In order to log into Kibana you can first run the below command to find the password for elastic superuser.
akhilu@ip-10-10-43-18 vmzilla-eck % kubectl get secret quickstart-es-elastic-user -o go-template='{{.data.elastic | base64decode}}'
xB5YoTwVjr7jfiZXEenTCBvt%
Run the command below to forward local port 5601 → service port 5601.

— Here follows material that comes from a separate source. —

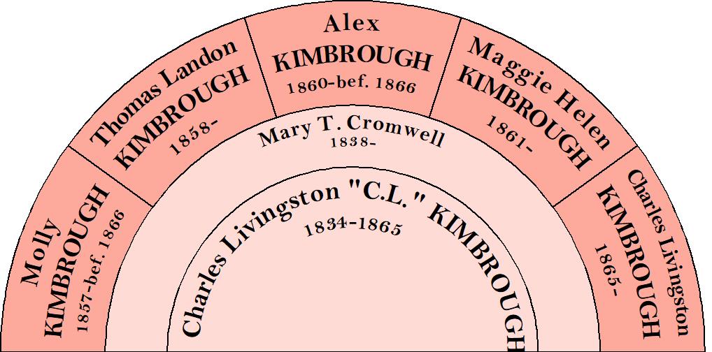 A year after C L.’s death, in August of 1866, Mary filed a petition in the county court requesting homestead and maintenance for her and her now 3 children. Charles Livingston Kimbrough II had been born in 1865. Mary stated that her late husband, despite owning land was very far in debt and she was unable to feed or clothe herself and her children without the sale of estate items. It is difficult to know how Mary was surviving during that time, although her brother-in-law, G.D., who had been named will administrator by the court, still lived nearby.

akhilu@Akhils-MacBook-Pro NEW % kubectl port-forward service/quickstart-kb-http 5601
Forwarding from 127.0.0.1:5601 -> 5601
Forwarding from [::1]:5601 -> 5601
Now your local machine can access the service as if it were running locally. Once you are logged into Kibana you can navigate to Integrations and search for Kubernetes integration and install it.
Once installed you can navigate to Dashboards -> [Metrics Kubernetes] Cluster Overview to monitor the Kubernetes cluster.

To check the pod logs you can navigate to Discover and select default logs-* Data View then filter the logs by kubernetes.pod.name: vmpod and messages field as shown in below image to check the logs for vmpod pod.

With Elasticsearch, Kibana, and Elastic Agent deployed using the ECK operator, you now have a complete observability solution running on Kubernetes. This setup provides centralized logging, real-time metrics, and deep visibility into your Kubernetes environment.